Why does Augustine not name Victorinus here, if he believes the latter's Against Arius contains such a danger to piety? The answer is not difficult to discern. Augustine's default method when disagreeing with confreres is to assault their position but not their person, to the extent of not even naming them. Presumably the driving concern is that Christians should correct each other without publicly humiliating one another (cf. Matt 18:15). Moreover, the danger was slight, if Jerome's complaint is indicative of the general reaction.

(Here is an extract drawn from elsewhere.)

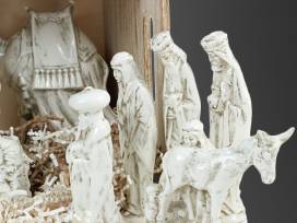 Add this beautiful ceramic nativity to your Christmas decor to really add to the feeling of the season. Comes with Mary, Joseph, Baby Jesus, shepherd with baby sheep, 3 sheep, 1 donkey, 2 camels, and 3 wise men.

Few people, apparently, were actually soldiering through Victorinus’ difficult treatise. Those who did were also likely also to read Augustine's On the Trinity. And there they would find a clear correction.
Conclusions
We have seen that the Arian controversy, which is the historical context for Victorinus’ metaphysical treatises, was an occasion for him to develop his own trinitarian metaphysics. He participated in the tradition of commentary on Aristotle as well as that of Neoplatonic speculation about transcendent being. His particular model of ‘consubstantiality’ that we have just examined was important in the West even though it was rejected in what became the mainstream position. It sharpened Augustine's own speculations, the influence of which have been unmatched in the history of Western theology.